I was sitting in my optics class eating a bag of chips (dill pickle), when my professor said "I didn't get a chance to eat during the break because people kept coming to my office," (he glared in my direction because yeah, that was me) "so I might be a bit moody."
Being the altruist I am, I held up my chips and shook it to get his attention. "That's not food. That is shit." I gasped.
Another student threw an energy bar at him. He picked up the bar and checked the ingredients. "Shit."
Student: "How is that shit? That bar is pure gains."
Prof: "Sugar."
Student: "Sugar's the sixth ingredient!"
Prof: "Yeah? What's the seventh?"
Student: "Whey protein."
Prof: "Shit."
It was at this point that I began to suspect he might be vegan. When he was done talking and our lab started, I decided that I would wave him down and ask him. He'd been helping out one lab group for so long that I decided to go and interrupt him. When I got to that table, I noticed he was talking about health and how meat and dairy were bad for health.
Student2: "So you're telling me that Arnold Schwarzenegger is unhealthy?"
Prof: "It is a fact that if you eat meat and dairy that you will have a shorter life. There's this study--"
Me: "The China Study?"
Prof: "No. There's this religion--"
Me: "Jainists?"
Prof: "No. Something with a seven I--"
Me: "Seventh Day Adventists?"
Prof: *glare* "Yes."
Then he talked about how the lived longer up until like the 90s or some shit. He really wouldn't stop talking so it was hard to get a word in, so I went back to my table and waited for him to free up. When he finally stopped talking I waved him down and OH MY GODS HE WOULDN'T SHUT UP TO LET ME ASK A FUCKING QUESTION FUCKING PREACHY BASTARD SHUT UP SHUT UP SHUT UP and I asked if he was vegan and
Prof: "I'm not vegan why would I be vegan." (punctuation chosen to capture inflection)

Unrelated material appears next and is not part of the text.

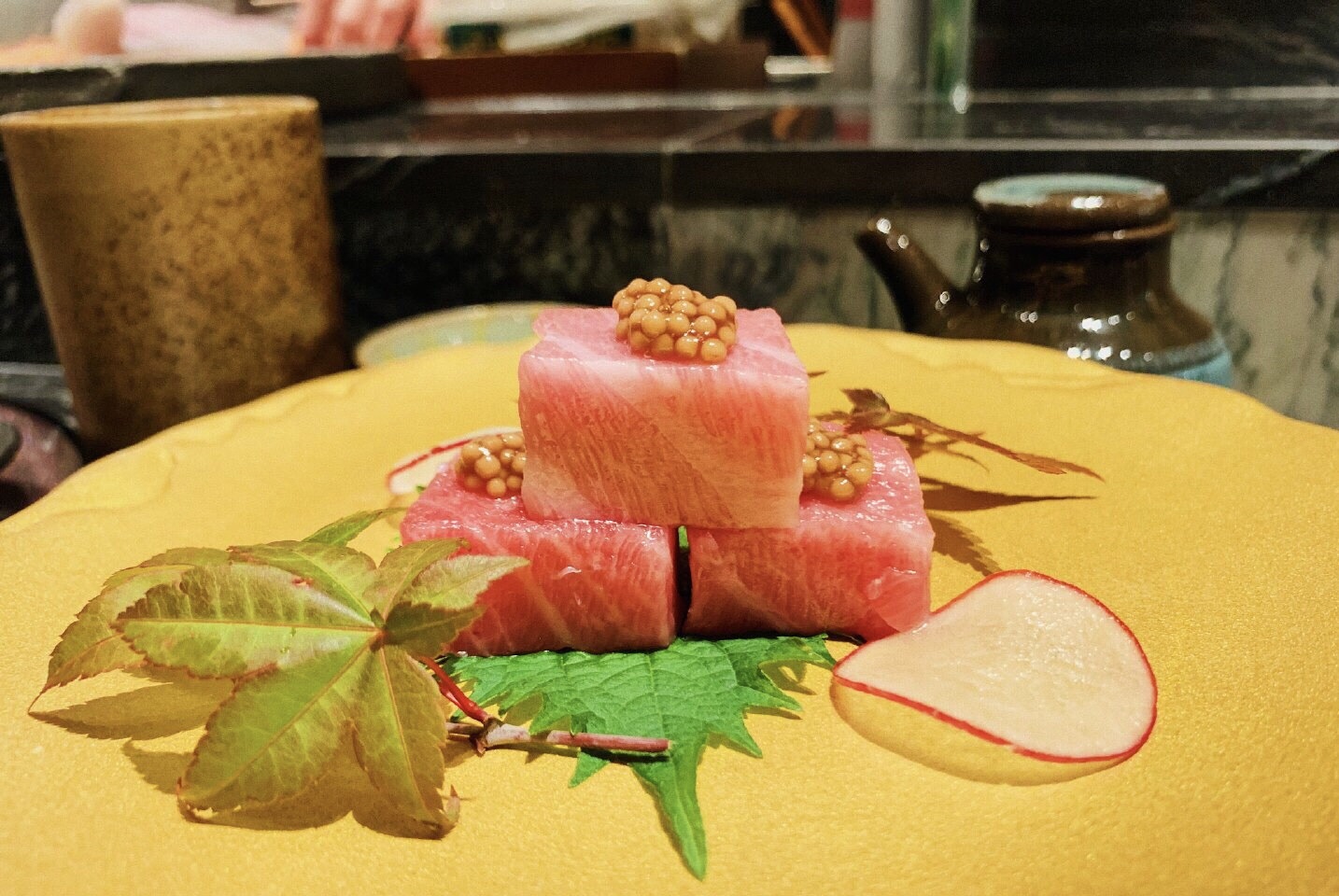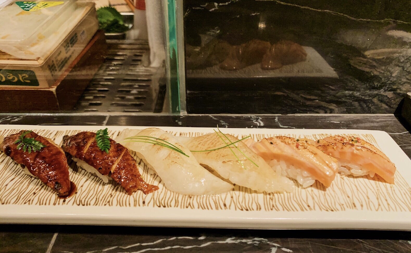 天穴日本料理,本想要说去吃元气寿司,多快好省呀,但是被J同学认定我的建议有阴谋性,于是,改吃了这家。餐厅的装修有点纸醉金迷复古的感觉,连餐厅里面播放的音乐都是温柔的Jazz,餐厅的户外区还伫立跳跃着闪烁火光的取暖灯,给人一种冬日的温暖感。推荐的是火炙左口鱼裙边和烟熏大吞拿鱼,好肥肥,适合长膘。

Me: "But you said meat and dairy are shi--"
Prof: "They are objectively shit. But I love meat and having cream in my coffee and..."
INSERT DAYS OF PREACHING AND CARNIST APOLOGIA
You were the chosen one! You were supposed to educate the carnists, not become one!
My lab-mate was like "Are you vegan?"
Me: "Yep!"
Partner: "Oh cool, I've been vegetarian for 10 years. Tried veganism once but couldn't do it."
And on the outside I'm like "Good for you, sweaty!" and inside I'm like "Don't breath the same air as me, cheesebreath."
This is going to be a long semester.